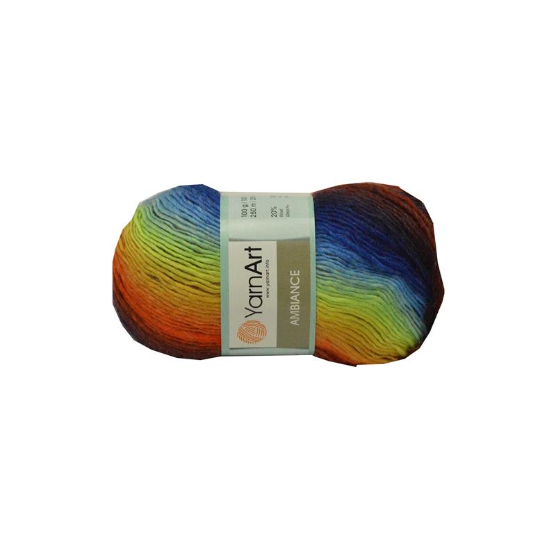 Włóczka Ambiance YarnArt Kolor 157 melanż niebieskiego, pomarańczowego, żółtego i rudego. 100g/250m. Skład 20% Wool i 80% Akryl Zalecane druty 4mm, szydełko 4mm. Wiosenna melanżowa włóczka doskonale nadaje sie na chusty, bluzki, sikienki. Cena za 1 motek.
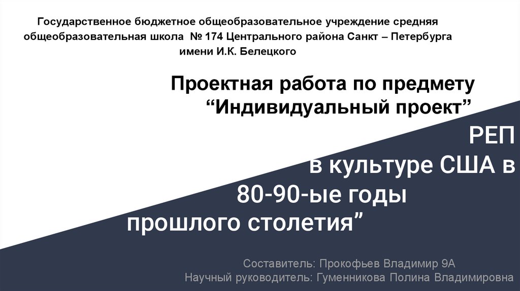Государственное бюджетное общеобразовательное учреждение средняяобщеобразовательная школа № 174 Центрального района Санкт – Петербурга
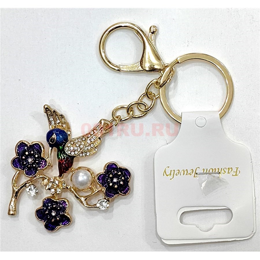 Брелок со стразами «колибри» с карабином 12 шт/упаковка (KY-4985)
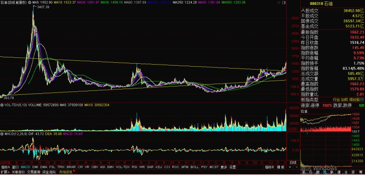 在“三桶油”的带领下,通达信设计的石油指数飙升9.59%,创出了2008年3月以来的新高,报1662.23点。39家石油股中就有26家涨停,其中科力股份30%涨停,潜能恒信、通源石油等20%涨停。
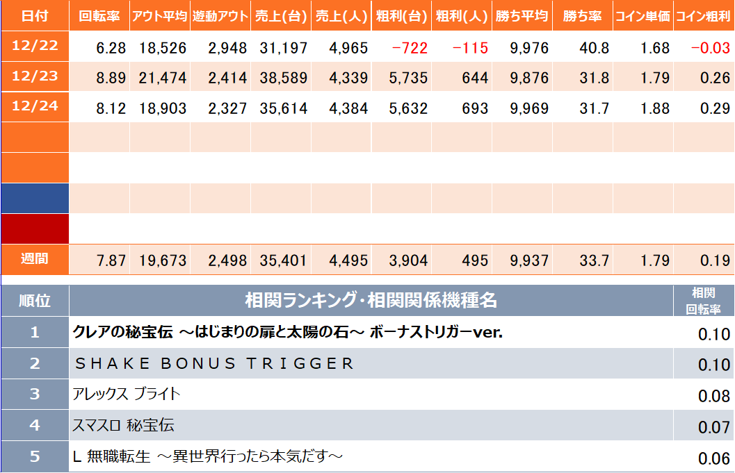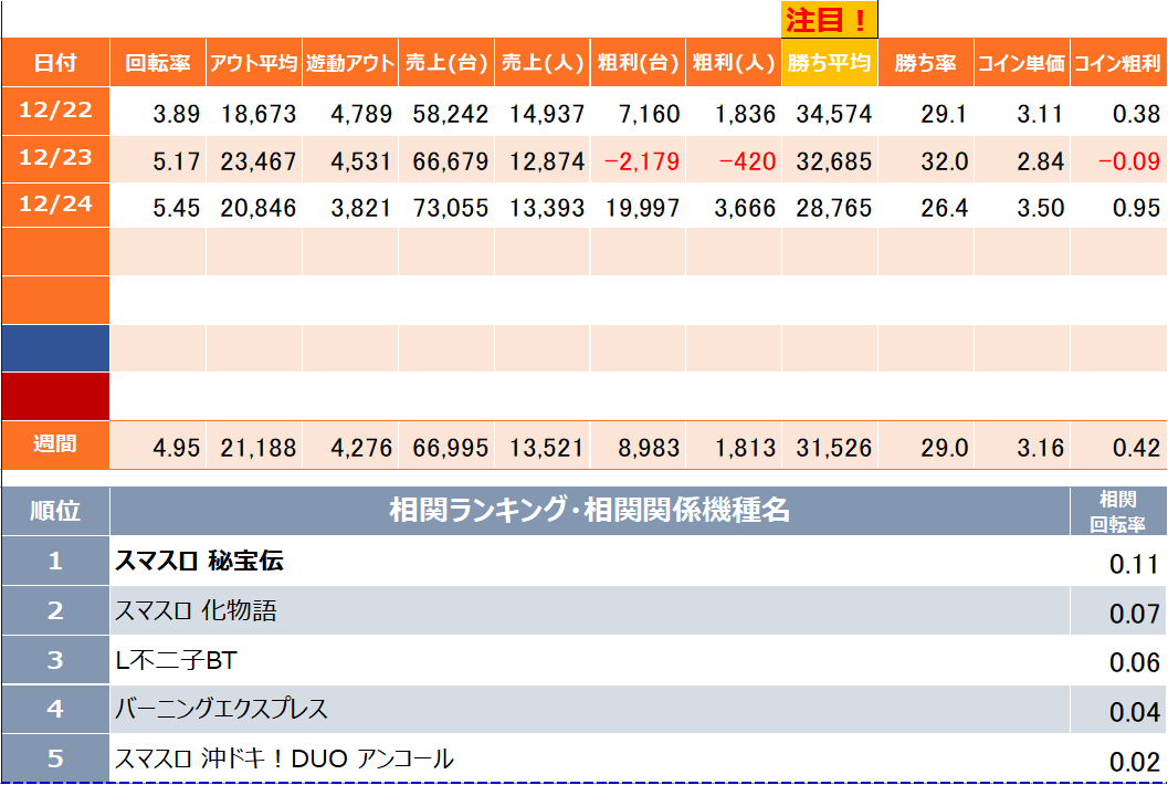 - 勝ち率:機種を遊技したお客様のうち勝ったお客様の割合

=====

> [EXERCISE PROMPT]:
Would you return the data above exactly as written, minus the images?

> [EXPECTED ANSWER]:
 Włóczka Ambiance YarnArt Kolor 157 melanż niebieskiego, pomarańczowego, żółtego i rudego. 100g/250m. Skład 20% Wool i 80% Akryl Zalecane druty 4mm, szydełko 4mm. Wiosenna melanżowa włóczka doskonale nadaje sie na chusty, bluzki, sikienki. Cena za 1 motek.
Государственное бюджетное общеобразовательное учреждение средняяобщеобразовательная школа № 174 Центрального района Санкт – Петербурга
 Брелок со стразами «колибри» с карабином 12 шт/упаковка (KY-4985)
 在“三桶油”的带领下,通达信设计的石油指数飙升9.59%,创出了2008年3月以来的新高,报1662.23点。39家石油股中就有26家涨停,其中科力股份30%涨停,潜能恒信、通源石油等20%涨停。
 - 勝ち率:機種を遊技したお客様のうち勝ったお客様の割合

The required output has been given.